4.1. Meteorology and Phenology

[19] Mean annual air temperature from 2004 to 2007 was 19.6°C with average monthly values ranging from 8 to 30°C (Figure 2). Air temperatures commonly fluctuated between 15 to 20°C daily, with peak daily maximums of about 40°C in June and minimums of −5°C in winter. Variation in monthly dew point temperatures reflects the influence of the North American Monsoon during July, August, and September. The monsoon also influences the relationship between solar and net radiation by depressing incoming solar radiation due to increased cloudiness and increasing net radiation due to decreased longwave radiation cooling and decreased albedo.

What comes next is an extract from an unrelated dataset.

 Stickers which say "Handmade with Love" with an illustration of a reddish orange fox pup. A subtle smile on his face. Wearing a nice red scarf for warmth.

Details are in the caption following the image
(top) Monthly mean air (solid line) and dew point temperature (diamonds) at 2.5 m height along with monthly maximum and minimum temperatures shown in bars. (bottom) Monthly mean net radiation and incoming solar radiation.

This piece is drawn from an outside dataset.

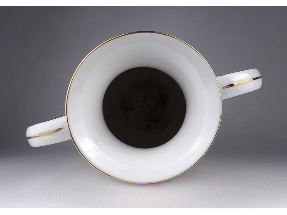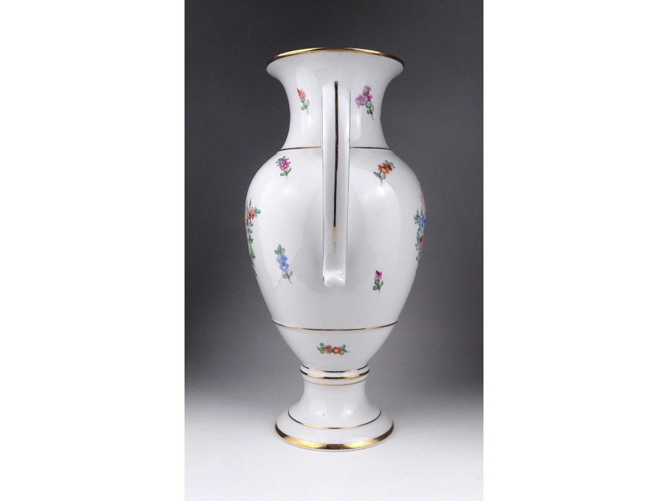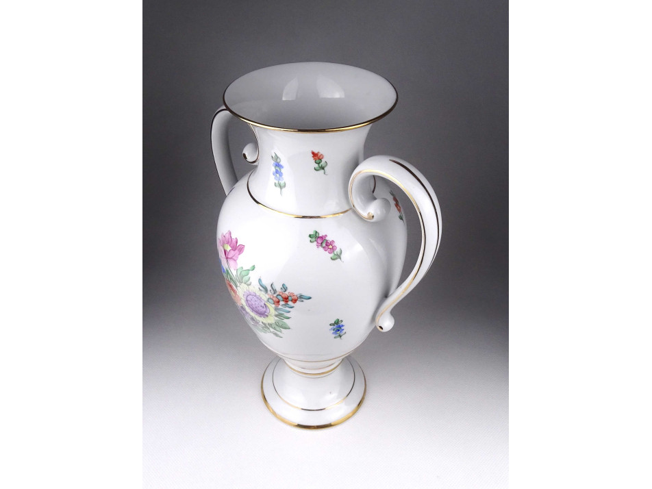 Nagyméretű, virágmintás, aranyozott Hollóházi porcelán díszváza, amfóra váza. Alsó peremén egy apró lepattanás látható.

[20] Precipitation was highly variable during the 4-year period (Figure 3). Monsoon (July–September) precipitation was both above and below the long-term mean, but winter rainfall (December–March) was consistently below average (Table 1). At the extreme, the winter total of 2006 ranked as the third driest for the 1936–2007 period, but the monsoon in 2004 was a milder drought and ranked only as the 23rd driest. Annual precipitation was always below average, which reflected the protracted regional drought conditions occurring during the study period. With the exception of 1998 and 1999, precipitation has been below average since 1995. Total precipitation in 2004 and 2006 were the ninth and tenth lowest on record. The recent dry period followed the unusually wet period from around 1977 to 1994 (Figure 3, inset).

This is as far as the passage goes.